:: REQUIRED ACTION ::
Excluding every picture, print exactly the lines from the one containing "необходимость в организации" through the end of the material below, both ends included.

:: INFORMATION SUPPLIED ::

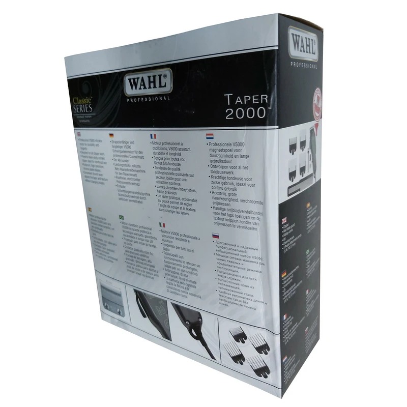 ماشین اصلاح وال (Wahl) مدل تیپر 2000 یک ماشین اصلاح حجم زن با برش مستقیم و موتور پرقدرت V 5000 و سرعت 6000 دور در دقیقه است که دارای تیغه کروم ضد زنگ عریض 40 میلیمتری میباشد. این دستگاه مناسب اصلاح انواع موی سر میباشد و قابلیت تنظیم سایز اصلاح از 0.5 تا 2 میلیمتر با اهرم تنظیم ارتفاع را دارد.
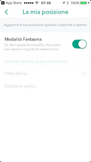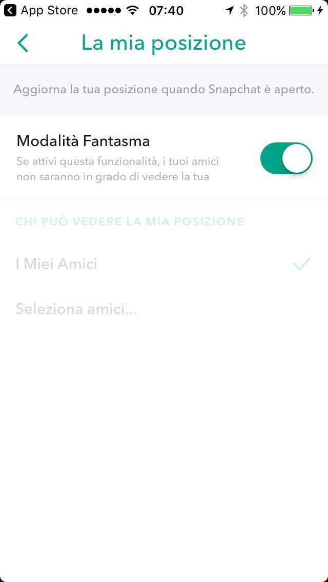 Conviene quindi correggere quest’impostazione: andate nelle impostazioni di Snapchat, trovate Mostra la mia posizione e attivate la Modalità fantasma. Potete anche essere più drastici, disattivando l’accesso di Snapchat alla geolocalizzazione nelle impostazioni dello smartphone:
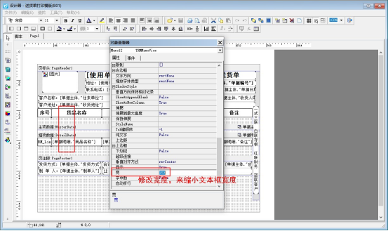 如何在打印模板上加上此列?打印模板格式因為尺寸固定,需要增加新的明細列,要先縮小其他文本框的寬度。在開單界面打印下選擇打印格式設(shè)計,打印格式設(shè)計界面點擊“設(shè)計格式”,進入模板設(shè)計器界面,選擇需要縮短寬度的文本框,鼠標左鍵單擊選擇文本框(需要多選可按著shift鍵鼠標分別單擊,可同時修改兩個文本框),下一步鼠標右鍵,選擇屬性,打開“對象查看器”找到寬度,修改寬度,enter鍵確認,然后關(guān)閉“對象查看器”可看到文本框按寬度修改,如下圖所示:
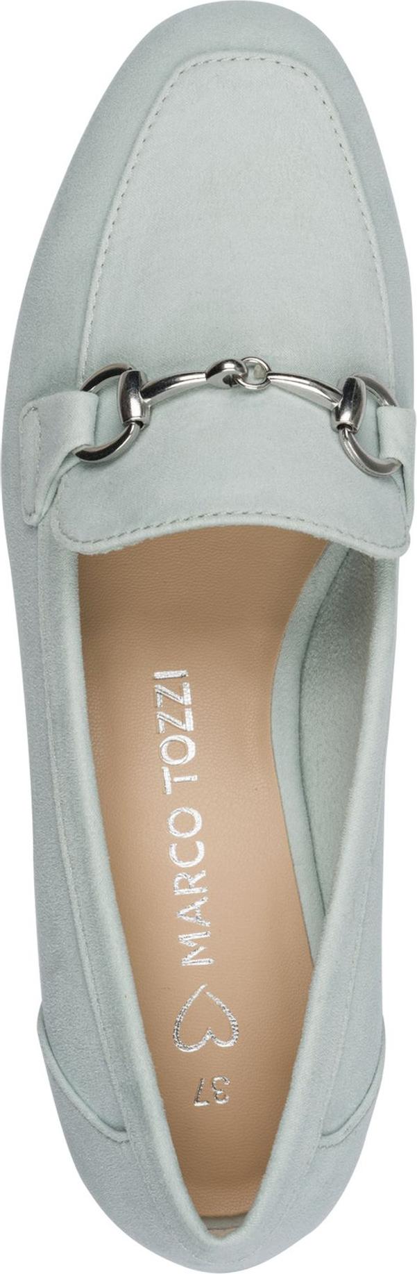 marco tozzi Slipper, Blockabsatz, Loafer, Businessschuh mit Schmuckspange (grün)
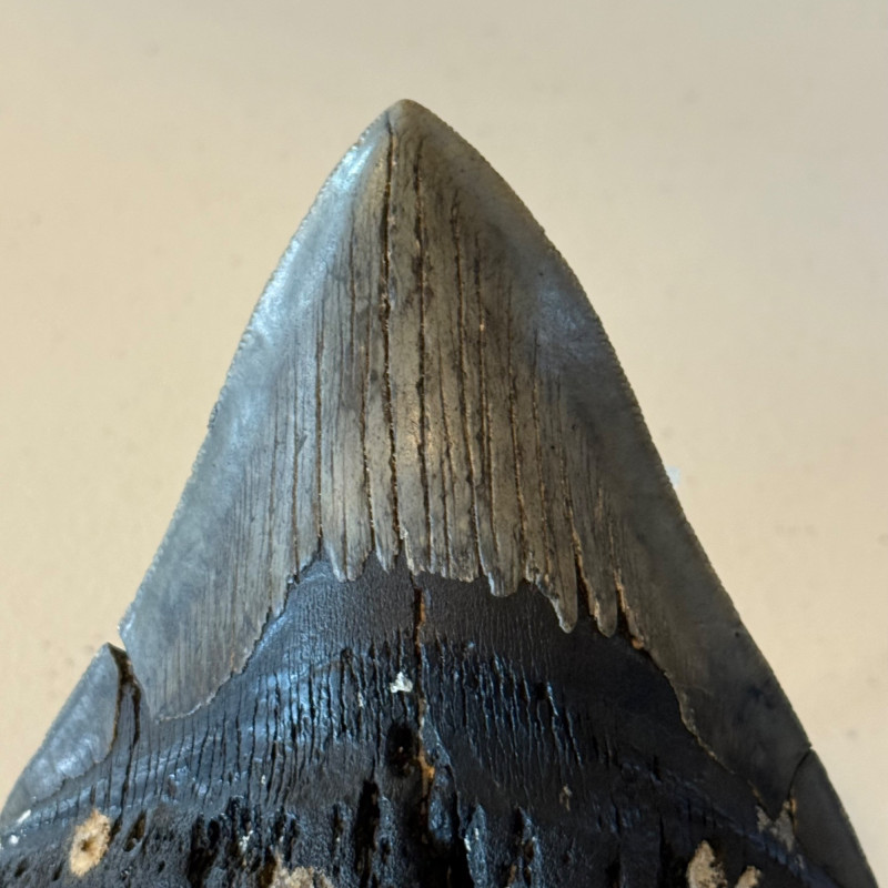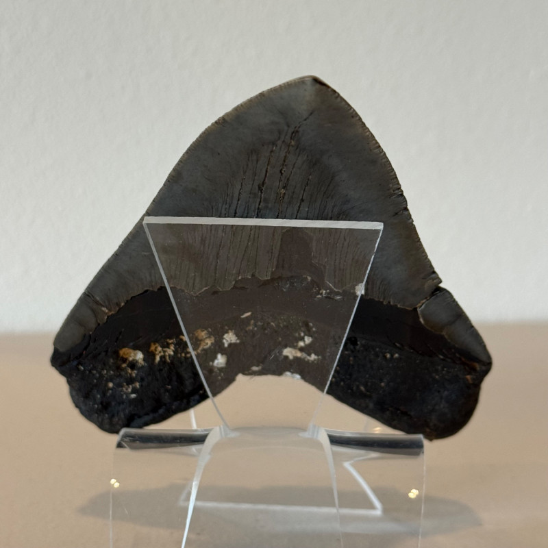 Impressive fossilized shark tooth from the extinct giant Megalodon, featuring dark gray enamel with natural gloss and well-defined serration traces along the edges. The broad triangular crown and thick root display excellent preservation with subtle mineralization from ancient marine sediments. Age: Miocene–Pliocene Epoch (approx. 3.6–23 million years old) Collecting Note:
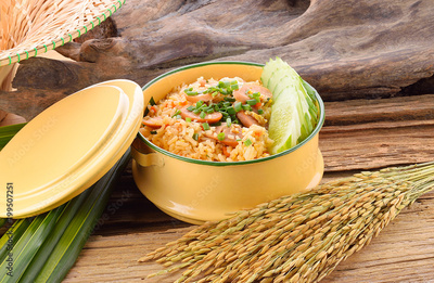 Fried rice on wooden background
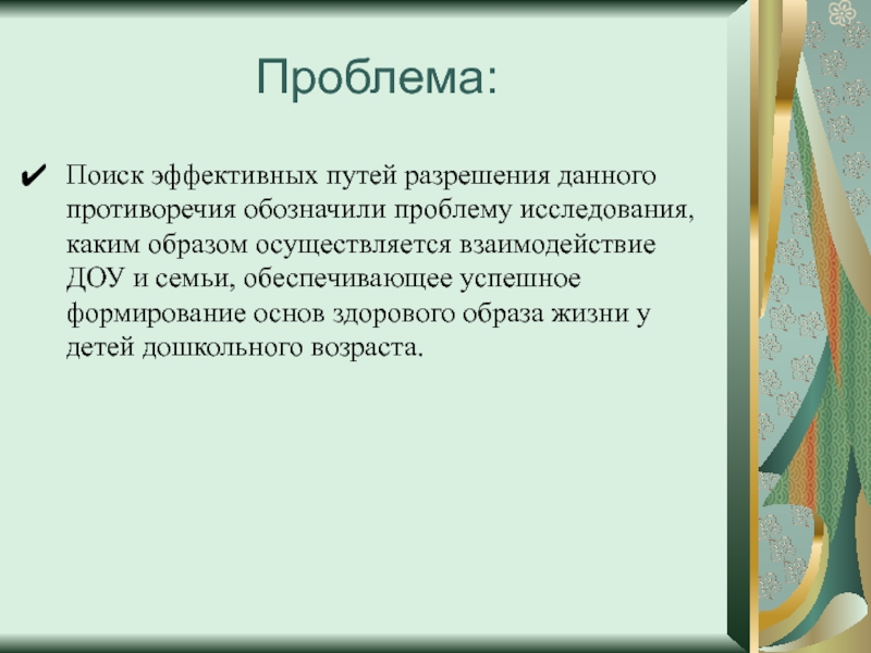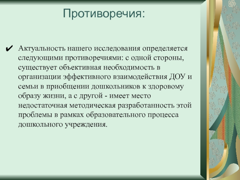 необходимость в организации эффективного взаимодействия ДОУ и семьи в приобщении дошкольников к здоровому образу жизни, а с другой - имеет место недостаточная методическая разработанность этой проблемы в рамках образовательного процесса дошкольного учреждения.
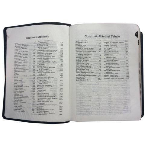 - Finisaje: margini aurii, index de căutare rapidă a cărților biblice
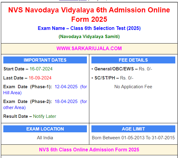 NVS Navodaya Vidyalaya 6th Admission Online Form 2025Exam Name – Class 6th Selection Test (2025)(Navodaya Vidyalaya Samiti) | |||||
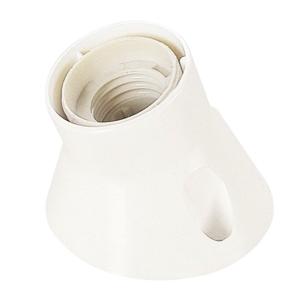 Portalampada E27 Base termoplastica curva di colore bianco lucido.
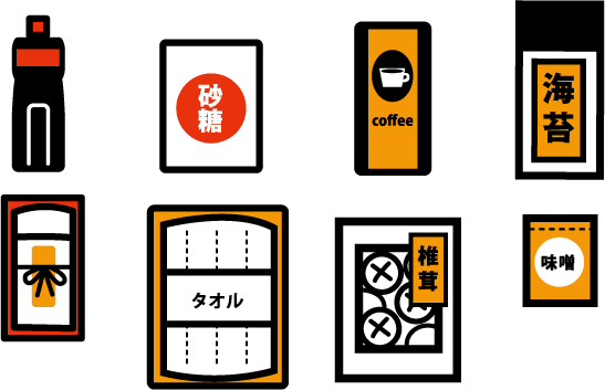 たとえばバスタオルや緑茶、砂糖、コーヒーセット、椎茸、醤油、のり、味噌など、
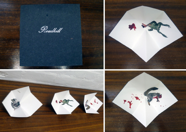 Origami folded watercolour prints of animal road kill punctuate the purified contentment of rural living, as gentle reminders of mortality. A book in memorandum - A series of 3, pigeon, frog and rabbit, each inkjet printed on Somerset enhanced paper and hand watercolour tinted, hardback cloth covered case with gold foil lettering.
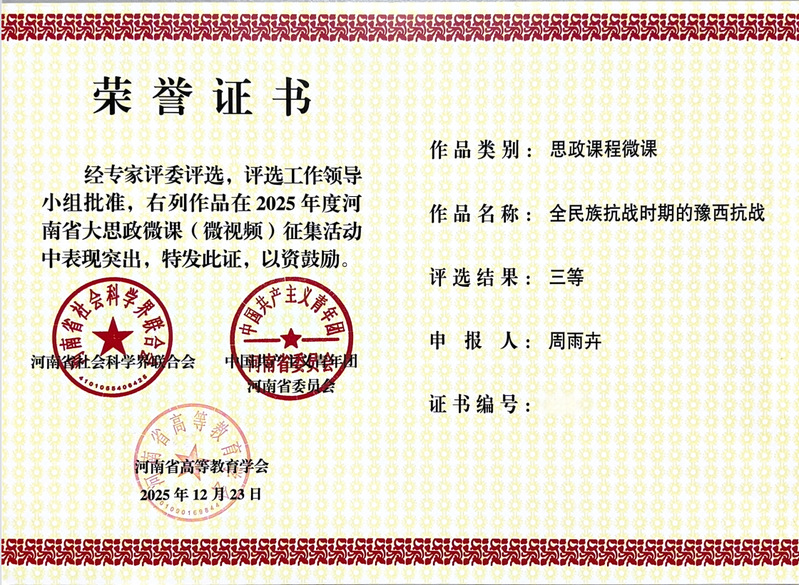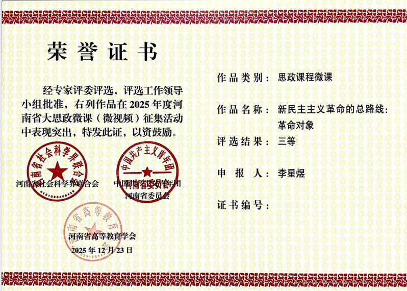 近日,河南省社会科学界联合会、中国共产主义青年团河南省委员会、河南省高等教育学会联合发布《关于公布2025年度河南省大思政微课(微视频)征集活动评选结果的通知》(豫社科联字〔2025〕10号),我校教师王淑鑫、周雨卉和李星煜表现突出,分别获得一等奖和三等奖。

:: ANSWER TO THIS EXERCISE ::
 необходимость в организации эффективного взаимодействия ДОУ и семьи в приобщении дошкольников к здоровому образу жизни, а с другой - имеет место недостаточная методическая разработанность этой проблемы в рамках образовательного процесса дошкольного учреждения.
 - Finisaje: margini aurii, index de căutare rapidă a cărților biblice
 NVS Navodaya Vidyalaya 6th Admission Online Form 2025Exam Name – Class 6th Selection Test (2025)(Navodaya Vidyalaya Samiti) | |||||
 Portalampada E27 Base termoplastica curva di colore bianco lucido.
 たとえばバスタオルや緑茶、砂糖、コーヒーセット、椎茸、醤油、のり、味噌など、
 Origami folded watercolour prints of animal road kill punctuate the purified contentment of rural living, as gentle reminders of mortality. A book in memorandum - A series of 3, pigeon, frog and rabbit, each inkjet printed on Somerset enhanced paper and hand watercolour tinted, hardback cloth covered case with gold foil lettering.
 近日,河南省社会科学界联合会、中国共产主义青年团河南省委员会、河南省高等教育学会联合发布《关于公布2025年度河南省大思政微课(微视频)征集活动评选结果的通知》(豫社科联字〔2025〕10号),我校教师王淑鑫、周雨卉和李星煜表现突出,分别获得一等奖和三等奖。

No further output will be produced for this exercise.